Using L'Hospital's Rule to evaluate limit to infinity

Question

I'm given this problem and I'm not sure how to solve it. I was only ever given one example in class on using L'Hospital's rule like this, but it is very different from this particular problem. Can anyone please show me the steps to solve a problem like this?

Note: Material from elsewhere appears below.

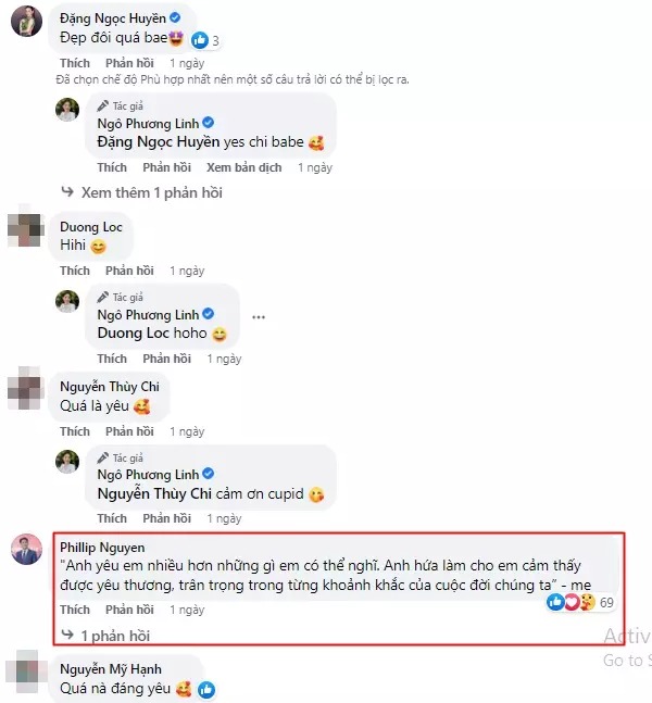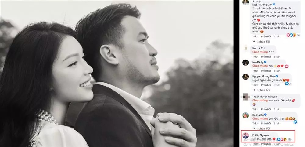 Gây chú ý hơn cả là màn phát "cẩu lương" của Phillip Nguyễn ngay dưới bài viết của vợ sắp cưới.

Evaluate the limit using L'Hospital's rule if necessary

$$\lim_{ x \rightarrow \infty } \left( 1+\frac{11}{x} \right) ^{\frac{x}{9}}$$

Basically, I only know the first step: $$\lim_{ x \rightarrow \infty } \frac{x}{9} \ln \left( 1+\frac{11}{x} \right)$$

WolframAlpha evaluates it as $e^{\frac{11}{9}}$ but I obviously have no idea how to get to that point.

Answer 1

Let $a=1-\frac{11}{x}$. We know that $$a^{x/9}=\exp\left ( \ln\left (a^{x/9} \right ) \right )=\exp\left ( \frac{x}{9}\ln(a) \right )=\exp\left ( \frac{\ln(a)}{\left ( \frac{x}{9} \right )^{-1}} \right )$$

Since $$\lim_{x\to\infty}\frac{\ln(a)}{\left ( \frac{x}{9} \right )^{-1}}=\frac{1}{9}\lim_{x\to\infty}\frac{\ln(a)}{1/x}=\ldots \textrm{Use L'Hopital's rule}\ \ldots =\frac{11}{9}$$ we get the wished answer (like WolframAlpha).

Answer 2

Hint: Notice that $\lim_{x\to\infty}\ln\left(1+\frac{11}{x}\right)=0$, thus you might want to bring the limit in the form: $$\frac{1}{9}\lim_{x\to\infty}\frac{\ln\left(1+\frac{11}{x}\right)}{\frac{1}{x}}$$ in order to use de l'Hôpital's rule.

Answer 3

So the first step is to notice that the original equation can be simplified to $$\lim_{x \rightarrow \infty }e^{\ln{\left( \left( 1+\frac{11}{x} \right) ^{\frac{x}{9}}\right)}}$$

Which can be made into: $$e^{\lim_{x \rightarrow \infty }\frac{x}{9}(\ln{ 1+\frac{11}{x}})}$$

So now we jsut need to solve for the exponent of e:

$$\lim_{x \rightarrow \infty }\frac{x}{9}\ln({ 1+\frac{11}{x}})$$

Take out the 1/9:

$$\frac{1}{9}\lim_{x \rightarrow \infty }x\ln({ 1+\frac{11}{x}})$$

Which can now be written as:

$$\frac{1}{9}\lim_{x \rightarrow \infty }\frac{\ln({ 1+\frac{11}{x}})}{\frac{1}{x}}$$

And from here you can apply l'hopital rule

Answer 4

A different approach -

We know $\lim \limits_{x \to \infty}({1+{1\over x}})^x=e$.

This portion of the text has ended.